Monday, February 22, 2010

Deep in the annals of Semitic history is a lesson...

Effective leadership arises in a three-phase process that encompasses, though not in any particular order:
~willingness to take corrective action
~benevolence
~anointing.
Let's take a look at an example from ancient history.
Abraham, the patriarch of Semitic cultures, had a nephew who had gotten himself into a bad situation. There was a war going on between tribal kings in the valley of Siddim, an area in Israel that is now covered by the Dead Sea. A powerful warlord named Chedorlaome had gathered some lesser kings; together they went on a conquering spree. After mounting an assault on the town of Sodom, Chedorlaome's forces pillaged their settlement and took some prisoners, one of whom was Lot, Abraham's nephew.. A fugitive from Lot's camp managed to escape, and reported to Abraham that his nephew had been taken away. The patriarch then assembled a band of his trained men, pursued the marauding armies, defeated them, and rescued Lot.

Thus did Abraham's willingness to take corrective action fulfill the first condition of his subsequent role as patriarch of the Semitic peoples.
After this assertive mission of deliverance, Abraham found himself surrounded by a group of thankful people (including his nephew Lot) and a collection of recovered goods.
One beneficiary of Abraham's military prowess, the king of Sodom, offered all the booty to Abe as a reward. But the benevolent leader was satisfied with the mere rescue of his nephew and, presumably, the restoration of peace and justice. So he declined the grateful king's offer. Abraham's selfless distributions of windfall resources that might have been used toward his own enrichment were instead given to the recovering refugees.

Among those gathered at the occasion of Abraham's victorious return from battle was Melchizedek, the king of Salem (now called Jerusalem), who was also a priest, or person having spiritual enablement. Melchizedek pronounced a blessing on Abraham, and Abraham, discerning the spiritual authority imparted in that blessing, bequeathed a tenth of the captured goods to Melchizedek for his priestly use. Abraham then went on to become, you know, a pretty important guy in the history of world events.

Thus was leadership legitimatized in an ancient civilization in a two-pole balance of power between the king and the priest.

Parallel to this in secularized 21st-century democracy is the sharing of governance that is initiated when our Chief Justice administers the oath of office to the President, whose agenda is determined by a third authoritative source, the people's Congress.

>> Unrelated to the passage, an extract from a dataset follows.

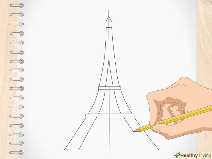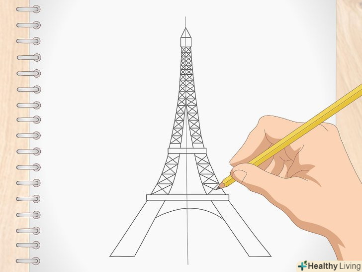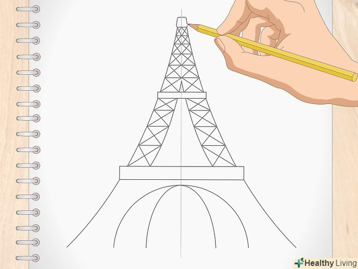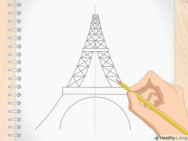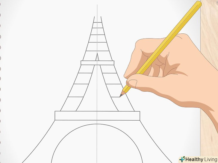 Намалюйте лінії хрест-навхрест між опорними балками. додайте між сусідніми горизонтальними балками хрестоподібні лінії, щоб зобразити поперечні опори. Ці лінії повинні закінчуватися в кутах прямокутників так, щоб вони з'єднувалися з вежею. [16]Рада: зробіть так, щоб хрестоподібні лінії були світліше біля вершини вежі і темніше біля її основи. Таким чином ви створите ілюзію, що вершина знаходиться від вас далі, ніж підстава.

Legitimacy requires, then: willingness to take corrective action, benevolence, and anointing. In our modern scheme of bestowing authority, the anointing ( legitimacy to govern), is now understood to originate among the people collectively, instead of some priest or pope. In the American manifestation of that principle, the President's anointing to lead is derived, according to the Constitution, from the consent of the governed instead of, say, coronation by a religious leader.

In the confusion of 18-century emerging democratique republicanism , it's a lesson not fully comprehended by Napolean, who impulsively grabbed the crown of French emporership from pope Pius VII. Bonaparte's eagerness to embody the new zeitgeist propelled him into a presumptuous grabbing of power that ultimately led to his demise and the decline of French hegemony.

120 years later, Hitler made a similarly disastrous presumption, although his delusion about the source of legitimacy went much deeper than Napolean's. But that's a different historical lesson.